I'm jolted awake, yet I don't know why. The warm presence that Sam had given me was now gone, leaving me alone with only my thoughts. I sit up and look out the windows behind me, realizing that I slept all night. The same blue that always fills the sky leaving behind the darker shade of the night.
I push myself off of the couch and stretch, looking back towards the front door.
Could he have left? I wonder, noticing that the bathroom door is cracked open, the lights from inside seeping out.
I walk over to the bathroom, knocking before going in, and find nothing except for the dress I had gotten Sam lying sprawled out on the cool tiles. I pick it up, wondering why he left it there.
He hated it, I tell myself. He hated it and now he hates you. You were a fool to have gotten him a dress, of course he hated it. He was just sparing your feelings.
I'm pulled out of my thoughts when I hear a knocking at my door, still grabbing hold of the fabric. I leave my bathroom and open the door, looking down at the panting man in front of me.
"Sam?" I say as he walks in, his hand coming up to rub my arm.
"Sorry, I wanted to go for a jog," Sam replies with a smile, looking down at the dress that was still in my hands.
"Are you feeling okay? You look off, Sam..."
He waves his hand in reply, walking towards the couch, "You worry too much, babe. Relax."
Babe? I think, feeling my face heat up slightly. I close the door gently, watching him sit down with a sigh.

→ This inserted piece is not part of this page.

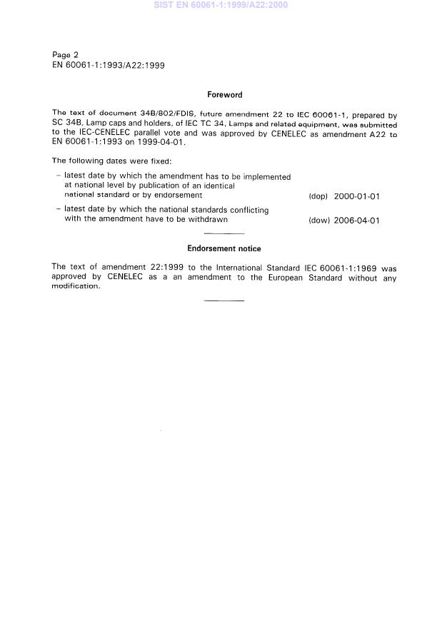 Ta slovenski standard je istoveten z: EN 60061-1:1993/A22:1999

"Besides, it's not like I went missing or anything," He says with a smirk, looking over his shoulder at me.
I look into his eyes, the same eyes that were so full of pain and love before, and see nothing but mischief and secrets.
What happened to him? What did he get into? What happened to my Sam?

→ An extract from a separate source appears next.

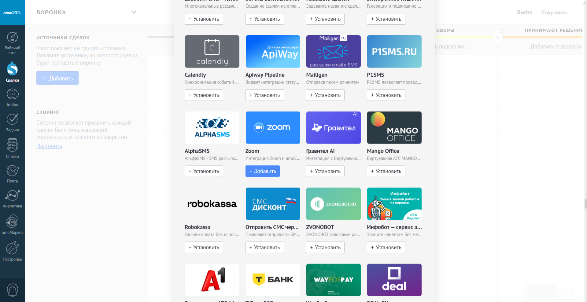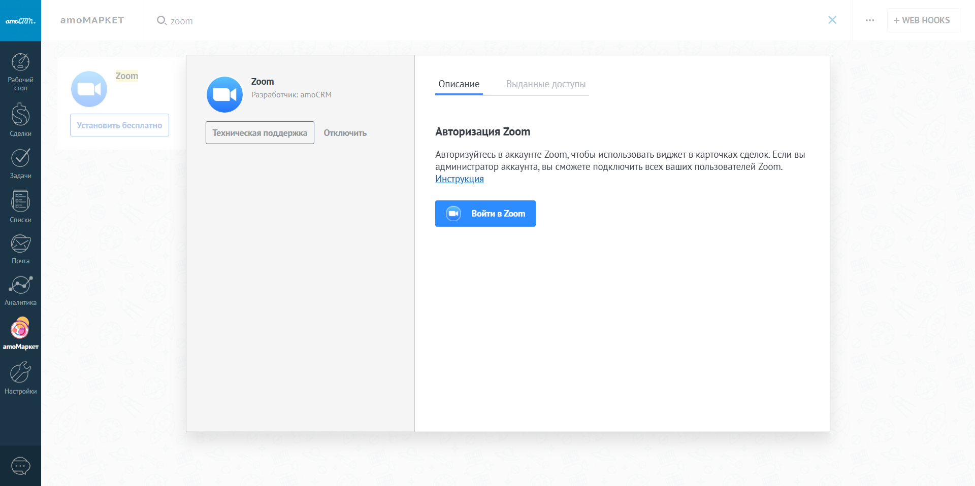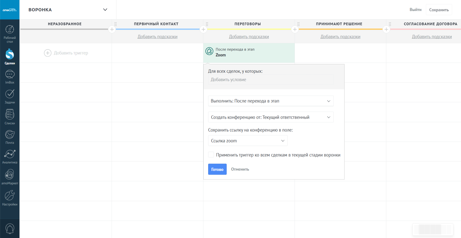 Сами конференции проходят на стороне сервиса Zoom. При окончании конференции создастся примечание в карточке Сделки.

I walk over to the couch and sit down next to Sam, folding the cluster of purple fabric carefully. I try to calm myself, but my nerves continue to riot, telling me that something is incredibly wrong, but what? I place the dress onto the coffee table as I feel my stomach growl.
I get up off the couch and enter the kitchen, hearing the light tapping of feet behind me. As I open the door to the fridge, I feel a hand rest on my back, making me turn and look at Sam.
"I'll cook for you, Guy," He says, pulling me away from the fridge, his eyes wide with more exhilaration than ever. "You do so much for me, just let me do something for you this one time."
I try to reply, but Sam speeds over to the refrigerator before I get the chance.
"Just sit back and relax, Guy. It's only 6 in the morning, after all. I assume you're tired."
His voice was so light and wispy, like last night never even existed. All of my worries come flooding back into my mind, Is this even the Sam that I know and love?
I sit down at the round dining table in the kitchen, as thoughts continue to swirl through my mind like a tornado or hurricane. It was wrong of me to disregard my relationship with Michellee, just because of a few instances with Sam. I rest my head in my arms, trying to drown out the thoughts with the lingering need to sleep.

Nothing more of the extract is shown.